Course detail
Machine Learning in Engineering Calculations
FSI-QAI Acad. year: 2025/2026 Summer semester
The course outlines possible ways of applying machine learning in the context of engineering calculations. Students will get to know the basic principles of machine learning and artificial intelligence, with an emphasis on Reinforcement learning.
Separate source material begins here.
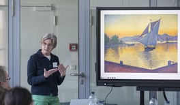 Am 2. und 3. April fanden an der Universität Stuttgart sowie im Schauwerk Sindelfingen drei Veranstaltungen statt, die gemeinsam das Projekt „Kunst und Quanten: Quantum2025 in Kunstmuseen“ für eine vielschichtiges Publikum einläuteten. Ziel dieses Projektes ist es, das Internationale Quantenjahr 2025 mit interdisziplinärem Blickwinkel im Kontext bildender Kunst in verschiedenen Veranstaltungsformaten umzusetzen. Insbesondere soll dabei kunstinteressiertes Museumspublikum angesprochen werden, welches selten mit Physik und damit verwandten Themen in Kontakt kommt. Dass diese ungewöhnliche Konstellation, nämlich die konkrete Verknüpfung von (Quanten-)Physik und bildender Kunst, auch viele Physikerinnen und Physiker neugierig machen und ihnen zu neuen Einblicken in ihr vertrautes Fachgebiet verhelfen kann, ist dabei ein willkommener Nebeneffekt.

The course includes an introduction to the Python programming language and its use for implementing suitable libraries for linking dynamic computational models and artificial intelligence tools.
Language of instruction
Czech
Number of ECTS credits
2
Supervisor
Department
Entry knowledge
Basic knowledge of physical and engineering principles, as well as basic knowledge of the Python programming language.
Rules for evaluation and completion of the course
The course-unit credit award is conditional on active participation in the exercises, where the activity within the sub-tasks is continuously checked.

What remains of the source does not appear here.